#### ASSIGNED TASK
Please set down only the lines below starting with the line with "Development and Sustainability》(SCI,中科院3区)正式发表。论文题为Research" and going on through the line with "希望の星だぞ コンバトラーV |", verbatim and without pictures.

#### EXERCISE DATA
== Segment start ==

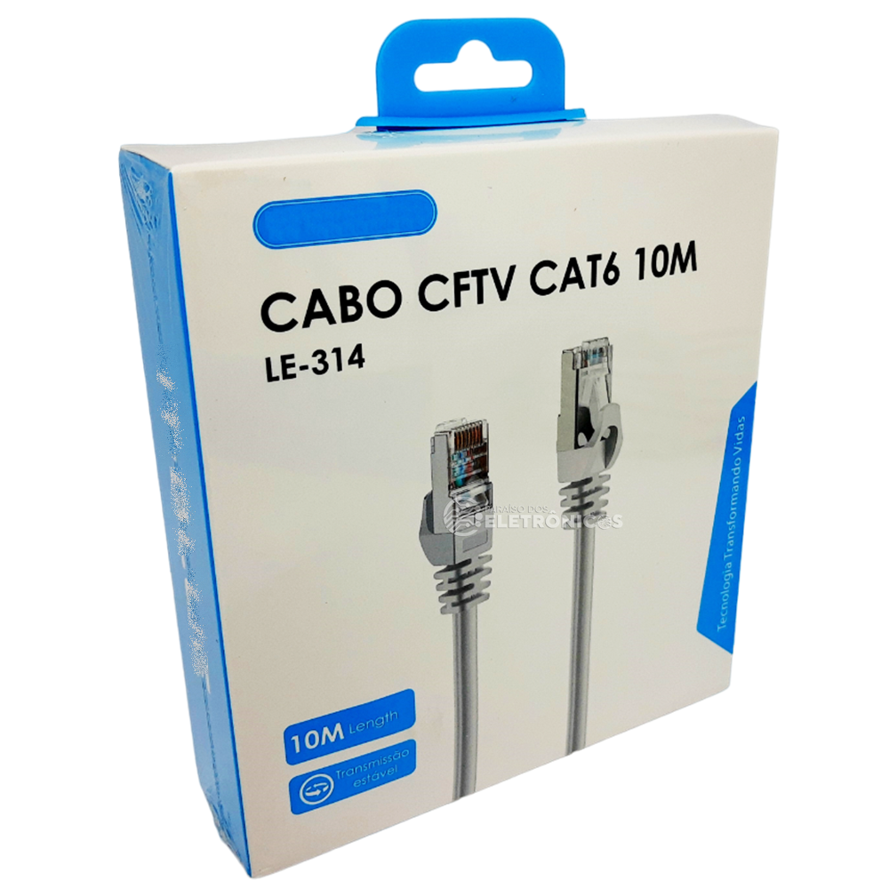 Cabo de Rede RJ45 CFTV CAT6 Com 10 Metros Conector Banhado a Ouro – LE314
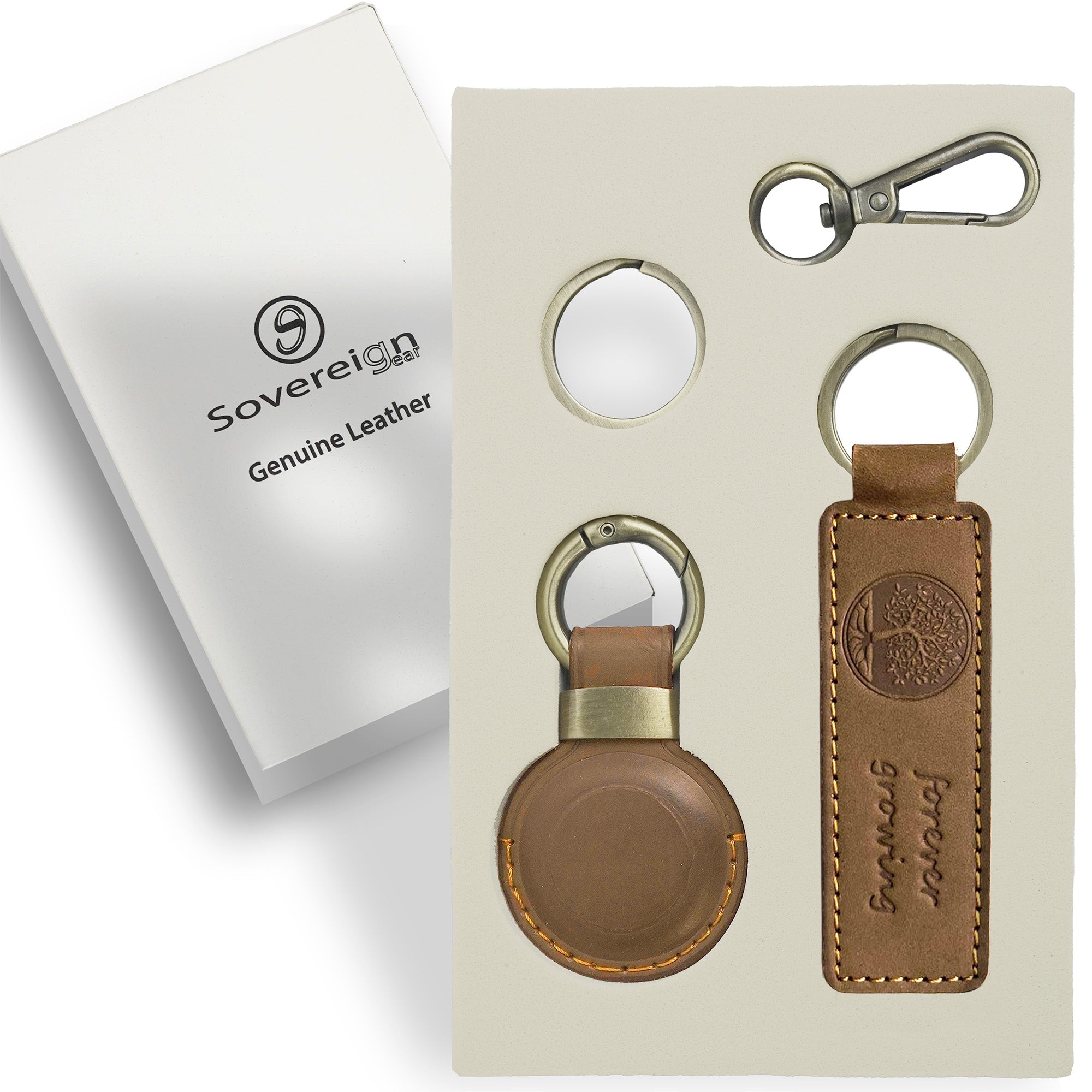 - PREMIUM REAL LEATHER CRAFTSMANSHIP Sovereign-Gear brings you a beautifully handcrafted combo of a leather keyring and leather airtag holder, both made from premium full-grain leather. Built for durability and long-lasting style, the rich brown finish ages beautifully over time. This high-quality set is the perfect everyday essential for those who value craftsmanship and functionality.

== Segment end ==
== Segment start ==

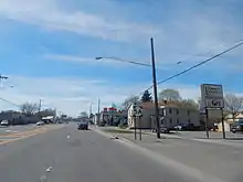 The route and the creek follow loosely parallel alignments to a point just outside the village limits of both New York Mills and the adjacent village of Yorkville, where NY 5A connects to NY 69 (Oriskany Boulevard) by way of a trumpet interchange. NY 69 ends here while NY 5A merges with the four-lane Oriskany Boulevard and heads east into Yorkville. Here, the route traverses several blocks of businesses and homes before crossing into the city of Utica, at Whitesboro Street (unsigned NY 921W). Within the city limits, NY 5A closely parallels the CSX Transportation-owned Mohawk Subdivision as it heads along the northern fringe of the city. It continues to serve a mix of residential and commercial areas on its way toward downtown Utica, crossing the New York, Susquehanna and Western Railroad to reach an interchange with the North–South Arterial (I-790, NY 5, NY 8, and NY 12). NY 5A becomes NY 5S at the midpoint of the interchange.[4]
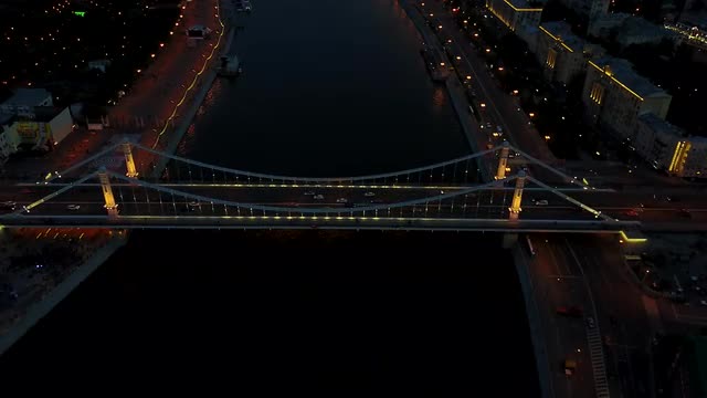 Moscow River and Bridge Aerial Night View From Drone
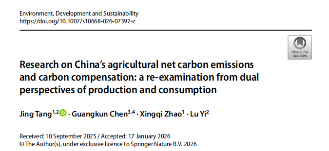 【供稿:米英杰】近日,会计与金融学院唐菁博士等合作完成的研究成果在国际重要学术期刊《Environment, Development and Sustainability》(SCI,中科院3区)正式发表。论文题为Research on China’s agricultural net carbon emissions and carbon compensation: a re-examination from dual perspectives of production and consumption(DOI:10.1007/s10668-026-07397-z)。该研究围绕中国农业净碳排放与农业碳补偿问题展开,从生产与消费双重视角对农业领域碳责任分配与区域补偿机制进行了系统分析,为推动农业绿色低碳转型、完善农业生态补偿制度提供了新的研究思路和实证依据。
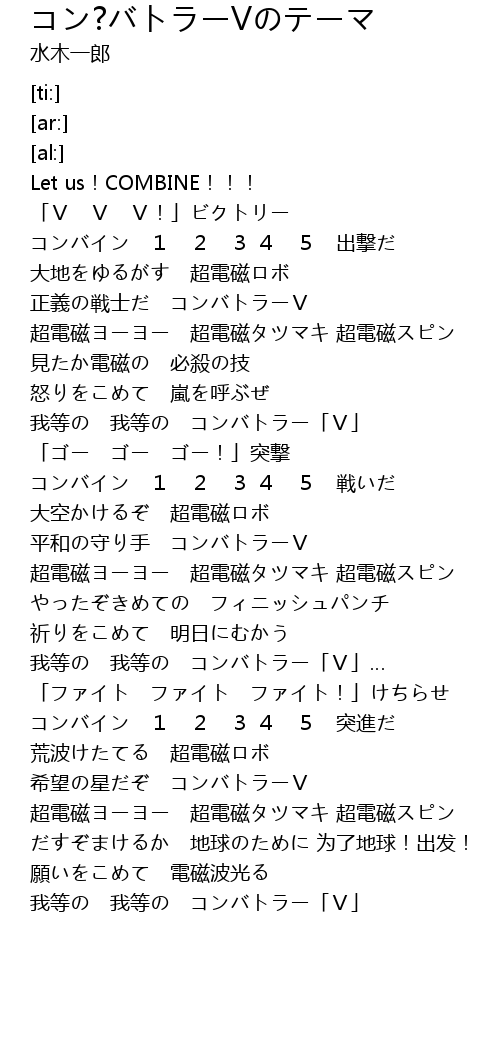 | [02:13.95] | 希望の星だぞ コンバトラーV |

== Segment end ==

#### WRITTEN ANSWER
 【供稿:米英杰】近日,会计与金融学院唐菁博士等合作完成的研究成果在国际重要学术期刊《Environment, Development and Sustainability》(SCI,中科院3区)正式发表。论文题为Research on China’s agricultural net carbon emissions and carbon compensation: a re-examination from dual perspectives of production and consumption(DOI:10.1007/s10668-026-07397-z)。该研究围绕中国农业净碳排放与农业碳补偿问题展开,从生产与消费双重视角对农业领域碳责任分配与区域补偿机制进行了系统分析,为推动农业绿色低碳转型、完善农业生态补偿制度提供了新的研究思路和实证依据。
 | [02:13.95] | 希望の星だぞ コンバトラーV |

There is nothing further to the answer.